Both the National Land Conference of 1991 and the Mariental Peoples’ Land Conference of 1994 strongly advocated urgent action on land enclosures and the VCF (GRN, 1991; NANGOF, 1994).  However, there seems to be no sign of any gradual removal of the VCF as recommended by these two important conferences, whilst the Communal Land Reform Bill (1999) offers little prospects for the review or possible removal of private enclosures on communal lands.  Section 18 (a) of the bill states that, ’subject to such exemptions as may be prescribed, no fences of any nature shall after the commencement of this Act be erected or caused to be erected by any person on any portion of land situated within communal land area’ (MLRR, 1999: 11).  In evading a full retrospective evaluation of the fences (whether legal or illegal) and their social, economic and environmental impact, the bill fails to meet the interests and needs of the poor.  An implicit interpretation of Section 18(a) above is that those with the means to erect fences are free to do so and can await their approval once the Land Boards are in place.  Land Boards in Botswana took up to three years to be established (NANGOF, 1996: 26) and in Namibia, the process is already three years behind schedule according to NDP1 targets (NPC, 1995: 214).  The increased fencing of CAs by the few well-off farmers ‘remove [s] resources from a community pot to which the poor have rights, thus actually worsening the problems of need’, argues Pankhurst (1996: 131).  Also see Werner (1997b) for an analysis of land enclosures in Herero reserves and Tapscott and Hangula (1994) for a similar analysis in the northern reserves of Namibia. The next section explores further how these powerful individuals and influential organisations direct the course of public policy and, in fact, benefit from the policy process.

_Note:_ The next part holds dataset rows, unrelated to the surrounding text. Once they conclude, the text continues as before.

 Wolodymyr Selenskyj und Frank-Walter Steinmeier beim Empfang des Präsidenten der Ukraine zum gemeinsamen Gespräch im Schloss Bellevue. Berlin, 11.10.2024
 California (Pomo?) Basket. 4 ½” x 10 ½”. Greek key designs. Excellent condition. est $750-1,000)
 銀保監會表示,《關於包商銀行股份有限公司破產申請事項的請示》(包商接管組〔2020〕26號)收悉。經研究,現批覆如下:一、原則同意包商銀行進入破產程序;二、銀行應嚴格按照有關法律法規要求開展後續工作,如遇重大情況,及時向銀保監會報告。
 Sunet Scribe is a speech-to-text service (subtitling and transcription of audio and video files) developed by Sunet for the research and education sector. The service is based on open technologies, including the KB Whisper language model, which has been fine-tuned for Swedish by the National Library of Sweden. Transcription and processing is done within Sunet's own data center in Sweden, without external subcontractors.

3.3 Interest groups and pressure for land reform

Different organisations and interest groups with diverse interests are all competing to have their interests taken care of in the implementation of land reform.  Notably, the Namibia Agricultural Union (NAU) (mainly representing white commercial farmers) is one such interest group.  The organisation does not have much leverage on government decisions because commercial agriculture in Namibia contributes less than 10% of GDP (Werner, 2000: 29).  However, the 36,000 jobs provided by the sector (GRN, 1995: 160), and the perceived environmental consequences that may result from any radical transfer of commercial farms to communal farmers, do to some extent bolster the NAU’s argument.  These arguments found favour with the joint report of the World Bank and the Food and Agricultural Organisation on Namibia’s agricultural priorities (Pankhurst, 1996: 113-4).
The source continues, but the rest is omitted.